American drummer (born 1950)

William Joseph Ficca (born February 15, 1950) is an American drummer who was a founding member of the rock groups Television and The Waitresses.

== Career ==
Of Italian origins, Ficca was a childhood friend of Tom Verlaine (aka Tom Miller). Verlaine moved to New York and in 1972 put together The Neon Boys with Richard Hell (Richard Meyers). They recruited Ficca to be their drummer and then, with the addition of second guitarist Richard Lloyd, changed their name to Television. After Television broke up, Ficca joined The Waitresses. Ficca also worked with Nona Hendryx & Zero Cool, 40 Families and The Washington Squares. He frequently performed with guitarist/vocalist Tom Verlaine and bassist Richard Hell as well as bassist Clint Bahr. He also played with the French poet and singer Sapho in 1980 on her LP called Sapho.
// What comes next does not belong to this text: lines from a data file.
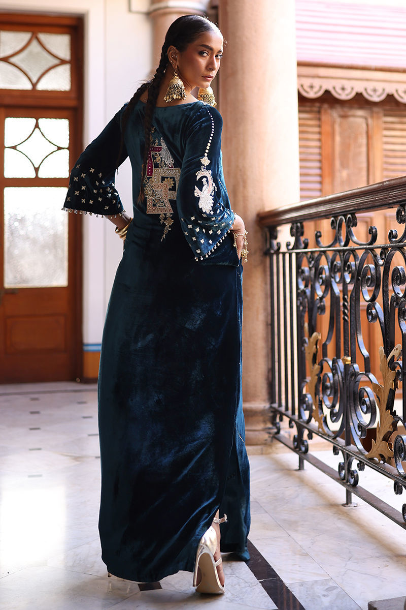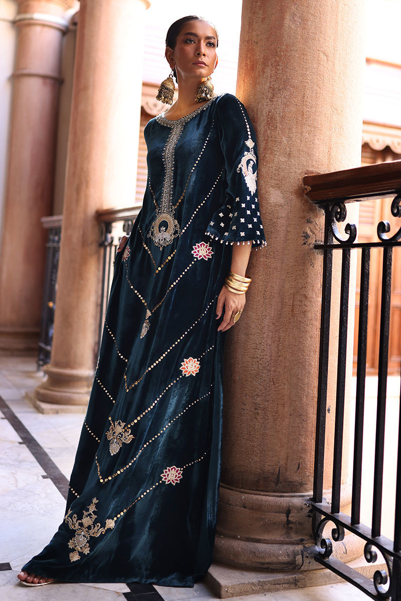 A statement kaftan crafted in luxurious pure velvet, designed with side pockets for a modern touch. The ensemble features exquisite gold and silver zari embroidery with colored appliqué work, beautifully enhanced by intricate handwork of sequins, cutdana, dabka, naqshi, tikki, and stones on the front, back, and sleeves. Delicate gota ball detailing along the sleeve edges adds a playful yet elegant finish. Paired with cotton charmeuse culottes, this Deep Lake ensemble is a perfect blend of contemporary charm and timeless craftsmanship.
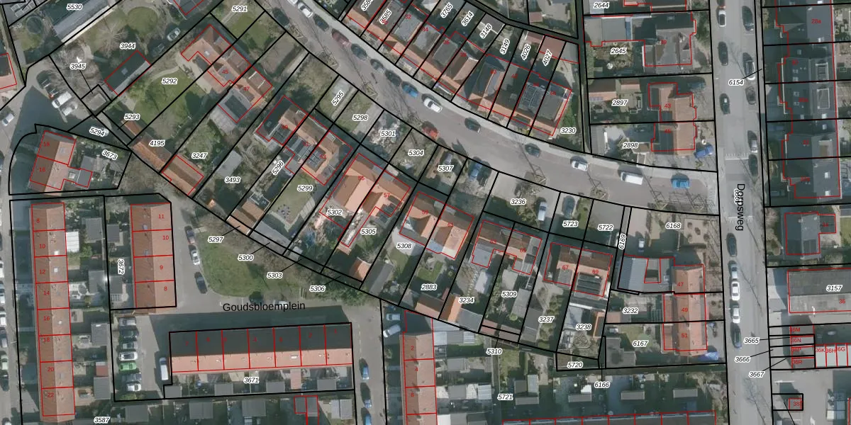 Gebruik de zoekbalk of klik op een perceel voor informatie over de adressen binnen dit perceel.
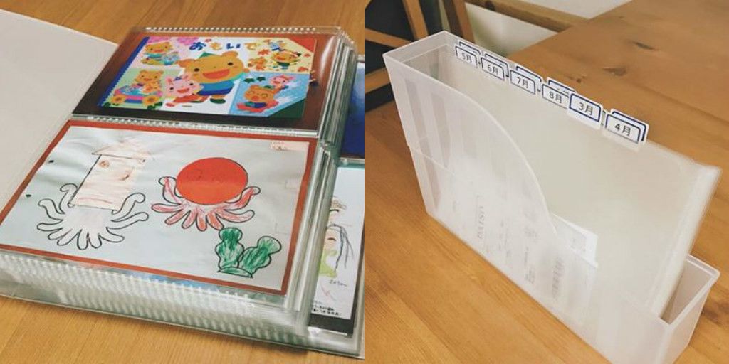 こちらは子どもの作品などの思い出収納。作ったものや手紙など、なかなか処分もできず、かさばるので収納に困りますよね。思い切って手放すことを決心した清水さんは、作品を写真に残し、アルバム収納に。見たい時にすぐ見れて、すっきり収納できてよかったようです。
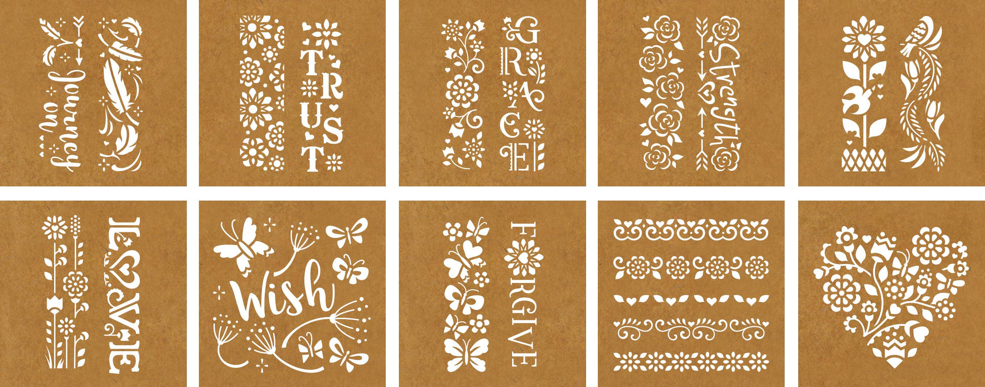 Create beautiful DIY inspirational paper crafts with these reusable paper stencils. Designer patterns are perfect for embellishing.
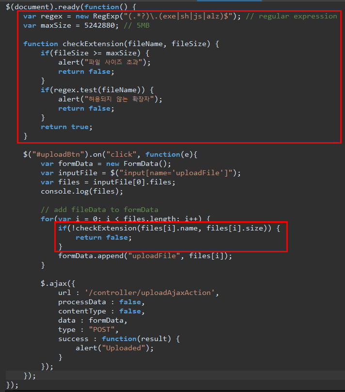 파일 확장자와 더불어 파일의 사이즈를 체크하고, 파일을 하나씩 추가하는 for문에서 각 파일을 검사합니다.
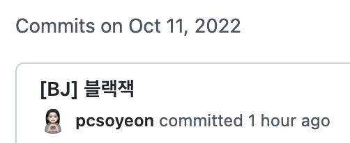 이렇게 [BJ]로 작성해서 커밋을 했는데, 백준의 경우는 .. Backjoon Online Judge이기 때문에 .. BOJ로 커밋을 했어야 했다 ..
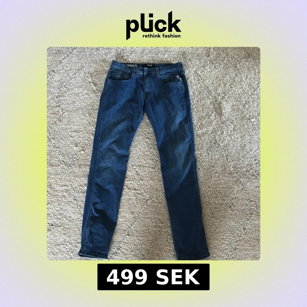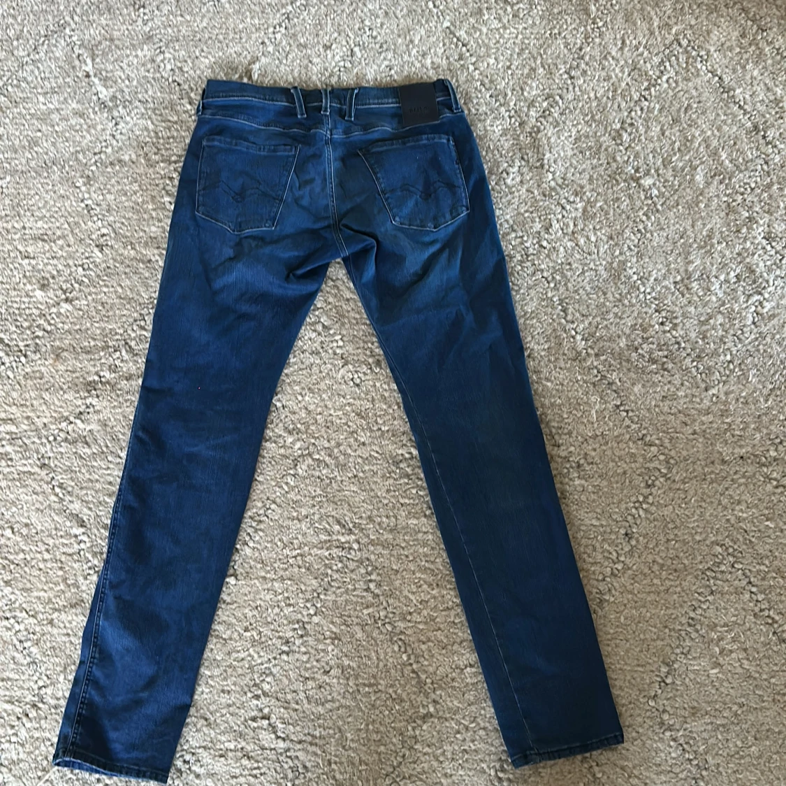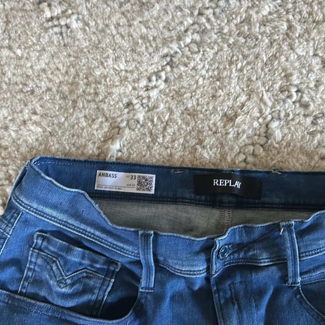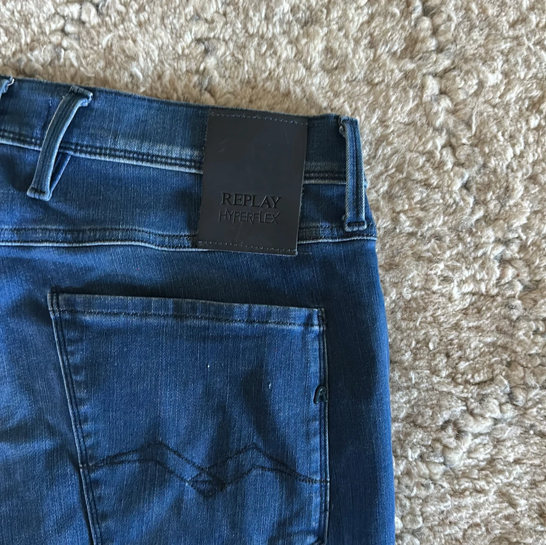 Säljer ett par blå Replay Anbass Hyperflex jeans med klassisk femficksdesign och snygga sömmar på bakfickorna. Jeansen har normal passform och är tillverkade i stretchigt jeansmaterial för extra komfort. Perfekta för dig som gillar stilrena och bekväma jeans. Storlek 33/34, as bra skick på dom, nypris 1200 mitt pris 499. Priset kan diskuteras

He has also been featured on albums by Dave Rave, Glen or Glenda, The Novellas, Eugene Ripper, Shane Faubert, Brian Ritchie and four albums with Antifolk founder Lach. He performed with Television, Gary Lucas, Dylan Nirvana and the Bad Flowers, Gods and Monsters, Mercury Mile, the New York Blues Project, the Original Dharma Bums and Uncle Bob NYC.